Software Engineering Mix Volume 2: Large-scale Data Analysis of Software Repositories


Software Engineering Mix (SE-MIX) provided a forum for our colleagues from academia to interact directly with Microsoft engineers. The program featured talks from academics: highlights of published research that is highly relevant for Microsoft and blue sky talks summarizing emerging research areas. In addition, practitioners gave presentations about theoretical and pragmatic engineering challenges they face, soliciting help from academia. A coffee round table setting was used to facilitate discussions. This session built on the success of SEIF Days, which provided a discussion forum about the future of software engineering.

The topic of this year’s SE-MIX was the large-scale data analysis of software repositories (like GitHub for example). Many teams are using GitHub for their OSS projects and would like to have a richer understanding and insight into that activity.

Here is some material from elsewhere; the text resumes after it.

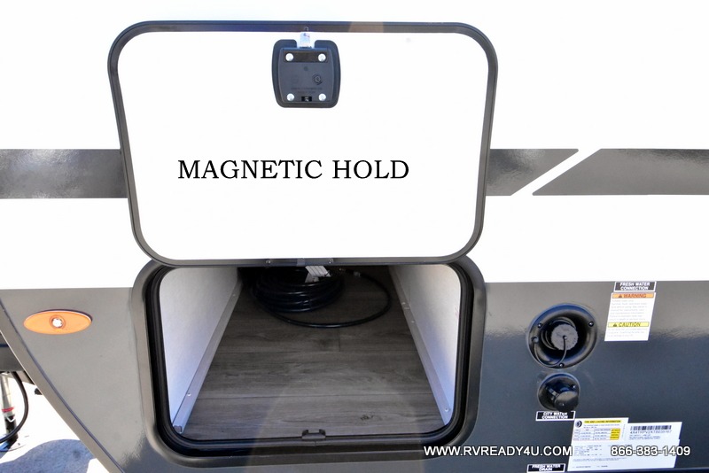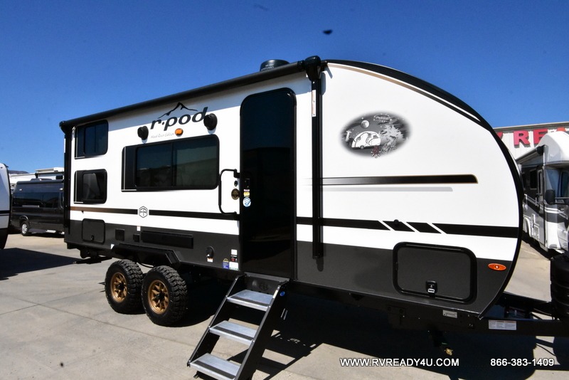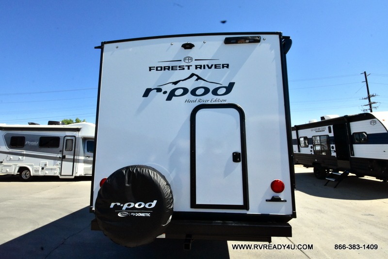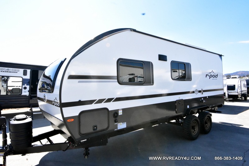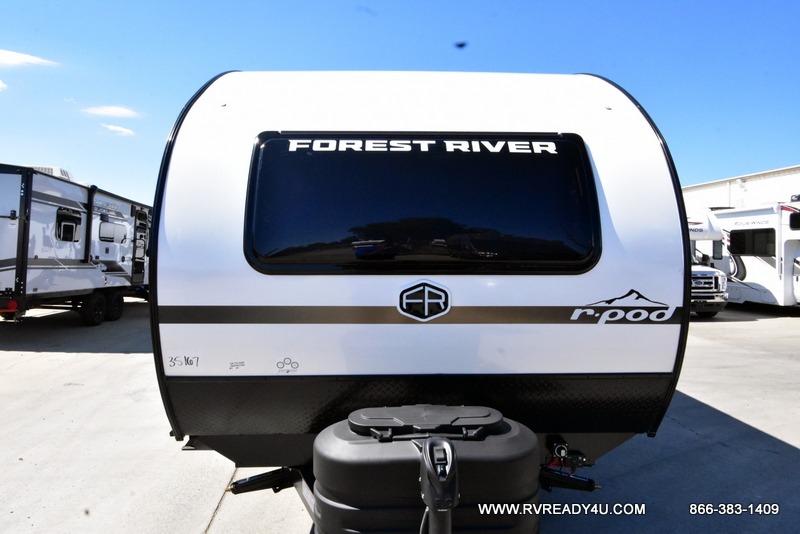 With any R-Pod travel trailer by Forest River, you will enjoy affordable luxury at the lowest tow weight in its class! There is a sealed underbelly with forced heat, a curved dual-pane acrylic front window with a bug screen and night shade, plus a large roof mounted solar panel for off-grid capabilities. The 15K A/C unit will keep you comfortable during the summer camping months, and the tankless water heater will provide endless hot showers after hiking, biking, swimming and more! Each model also includes a black glass friction hinge entrance door, roof ladder prep, exterior motion lighting, plus a hot and cold exterior spray port to wash off sand from the beach. Inside, you'll enjoy seamless Surf-X kitchen countertops, blackout roller shades, and a central vacuum system for hassle-free cleaning!
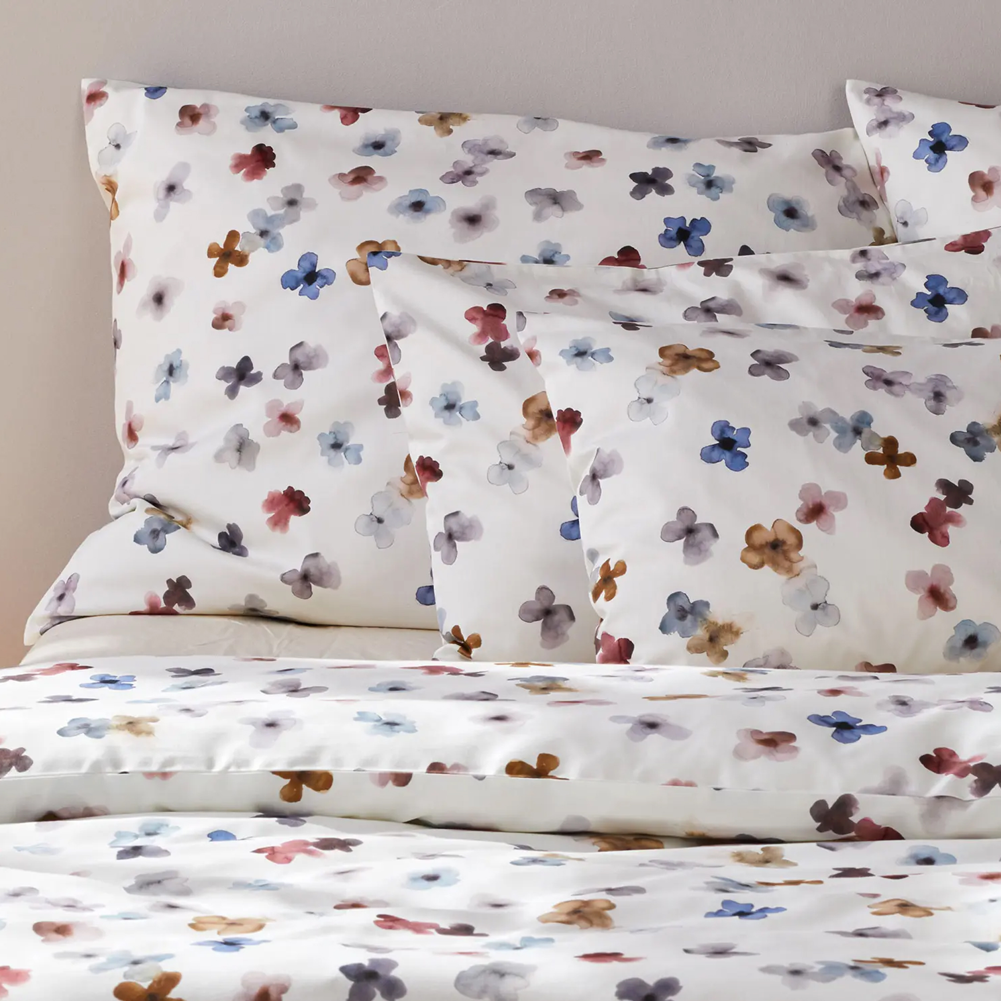 Die Bettwäsche aus hochwertigem Baumwoll-Satin vereint stilvolle Ästhetik mit geborgenem Schlafkomfort. Die zart glänzende Qualität betont den mehrfarbigen Aquarelldruck auf naturfarbenem Grund und überzeugt zudem mit kühlenden und atmungsaktiven Eigenschaften. Ein sichtbarer Knopfverschluss mit ungefärbten Steinnussknöpfen rundet das Design harmonisch ab. Elodie ist perfekt kombinierbar mit der Bettwäsche Carla.

While some projects like GHTorrent and GitHub Archive exist, and some insights are available for analyzing a single project, everyone touching this topic sees an enormous potential in the data. The SE-MIX was intended to jumpstart connections between academia and Microsoft on the vast opportunities in leveraging GitHub data and data from other software repositories to develop software more efficiently.


Speakers talked about open source and data analysis of large-scale software repositories like GitHub. The SE-MIX featured Open Source Live, a showcase of open source projects related to Microsoft.

8:30-10:30  First Session

  • Welcome (10 minutes)
  • Judith Bishop, Microsoft. Industrial Research and Open Source – Reasons and Results (20 minutes) slides
  • Jeff McAffer, Microsoft. GitHub Insight: Understanding Open Source (20 minutes)
  • Mei Nagappan, Rochester Institute of Technology. Curating GitHub for Engineered Software Projects (20 minutes) slides
  • Speed Dating between academics and Microsoft engineers (50 minutes)

10:30-10:50  Break

10:50-12:00  Second Session

  • Vladimir Filkov, University of California, Davis. How to analyze GitHub traces to ask important questions and get actionable answers? (20 minutes)
  • Cristina Manu & Daniel Quirk, Microsoft. Spot – A distributed system for source code analysis (20 minutes)
  • Laura Dabbish, Carnegie Mellon University. The social life of software repositories: What large scale software analysis can learn from small scale qualitative research (20 minutes)
  • Preparation for Group Brain Storming (10 minutes)

12:00-13:20  Lunch break / Group picture

13:20-15:30  Third Session

  • Group Brain Storming (65-80 minutes)
  • Wrap-up (5 minutes) followed by
  • Open Source Live! Showcase (45-60 minutes)